Джонни Таннер очнулся от мыслей и увидел, что он не один. Вокруг него и быка образовался круг из охотников. Все, кто мог видеть тушу белого гиганта, холмом возвышающуюся в прерии, бросились к нему, и каждый счел своим долгом объехать вокруг животного, чтобы убедиться, что на его шкуре нет ни единого коричневого или черного пятнышка. Потом охотники, молодые и бывалые, умолкли, и каждый занял свое место в кругу.

Они с головы до ног испачкались кровью. Она была на мокасинах, на обнаженных руках и плечах, на волосах и на головных уборах из перьев. Даже лошади их были в потеках крови. Охотники обратились в каменные изваяния. В их глазах застыли ожидание и страх.

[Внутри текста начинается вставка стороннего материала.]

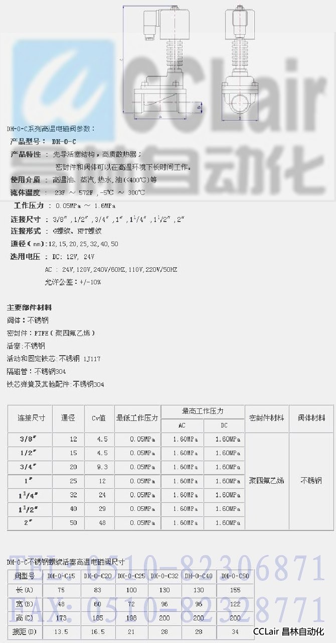 DH-O-C15,DH-O-C20,DH-O-C25,DH-O-C32,DH-O-C40,DH-O-C50,超高溫電磁閥

Ведь белый бизон считался священным животным, а этот гигант, судя по его виду, был в три раза священнее. И, видимо, та же мысль, что мелькнула в голове мальчика, серьезно занимала шайенов. Один за другим они воздели руки к небу и несколько секунд смотрели в синюю высь над прерией, где плыли величественные белые облака. Потом опять устремляли взгляды на стоящего бизона.

Неожиданно великан опустился на колени. От толчка содрогнулась земля. Послышался тяжелый вздох, но он исходил не от умирающего быка, а от собравшихся вокруг него охотников.

А бизон клонился вперед. Голова его опускалась до тех пор, пока он не ткнулся мордой в землю. Это было удивительное зрелище. Казалось, он почтительно кланяется, но не тому, чья рука сразила его, а какой-то всемогущей силе. Потом, подавшись вперед, медленно, мягко опустился на землю и замер. Огонь исчез из его красных глаз. Он был мертв.

— А что теперь? — раздался спокойный голос Рейни у плеча мальчика.

Джонни вздрогнул. Он увидел, что все глаза устремлены не на быка, а на него. Рядом стоял Сломанный Нож. В его взгляде на белолицего мальчика почтение мешалось с завистью. Чуть дальше стоял тот самый юный храбрец, чьи стрелы вонзались в тела бизонов до оперения. Этот умелый охотник видел, как белый человек дважды промахнулся, но сейчас в его лице не было насмешки. Он смотрел на мальчика во все глаза с удивлением и почтением. Как, впрочем, и все остальные.

— И что теперь? — повторил Рейни.

Джонни Таннер смутился. Разве он сможет прикоснуться к этой сияющей белизной горе?

И вдруг ему в голову пришла неожиданная идея.

Он слез со спины гнедого. Конь вознаградил мальчика за долгие часы осторожной ласки и последовал за ним, как собачонка. Индейцы стали тихонько перешептываться.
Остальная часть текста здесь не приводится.